Turning to Slide 5, let me now take a few minutes to talk a little bit more about MBS. As one of the largest used book wholesalers and largest contract virtual bookstore operator in the U.S., MBS has developed extraordinarily deep relationships with their large customer base.
Our leadership team knows from working together with MBS over the years that the MBS team is talented, motivated and dedicated. They have a deep understanding of their customers and their sophisticated database systems and process. MBS Direct is the largest U.S.
online distributor of new, used and digital course materials directly to students at contracted schools. Simply put, MBS Direct offers the most complete range of cost effective options to students available in the industry today.
They offer college bookstore customers a virtual solution and they operate more than 700 virtual bookstores that sell new textbooks directly from publishers, used textbook sourced from MBS as well as digital course materials.
And through textbooks.com, an e-commerce site for textbooks, they offer new, used and digital textbooks directly to any students, anywhere in the U.S. MBS’ warehouse automation drives operational efficiency and provides a competitive advantage with virtual customers.
In its wholesale business, MBS build its leading position as a result of its robust inventory and comprehensive catalog of used textbooks and digital course materials solutions, along with a superior service and system support.
For example, MBS has more than 330,000 textbooks titled in stock in any one time and processes more than 13 million textbooks annually in its distribution facility. The MBS database and bind guide is a key asset for MBS and now Barnes & Noble Education.

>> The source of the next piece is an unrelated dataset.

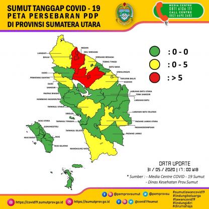 Peta Persebaran PDP di Provinsi Sumatera Utara 31 Mei 2020

This proprietary database is the best maintained, most accurate and most complete source of college textbooks information available and will now allow us to develop superior supply and demand insights and risk management capabilities for our inventory. MBS systems is another important element of the MBS business.
It provides inventory management, hardware, software and services to more than 485 college bookstores. Importantly, this expertise helps to sustain long-term relationships. Now turning to Slide 6, we will be the leading providing – provider of virtual and hybrid bookstores for institutions.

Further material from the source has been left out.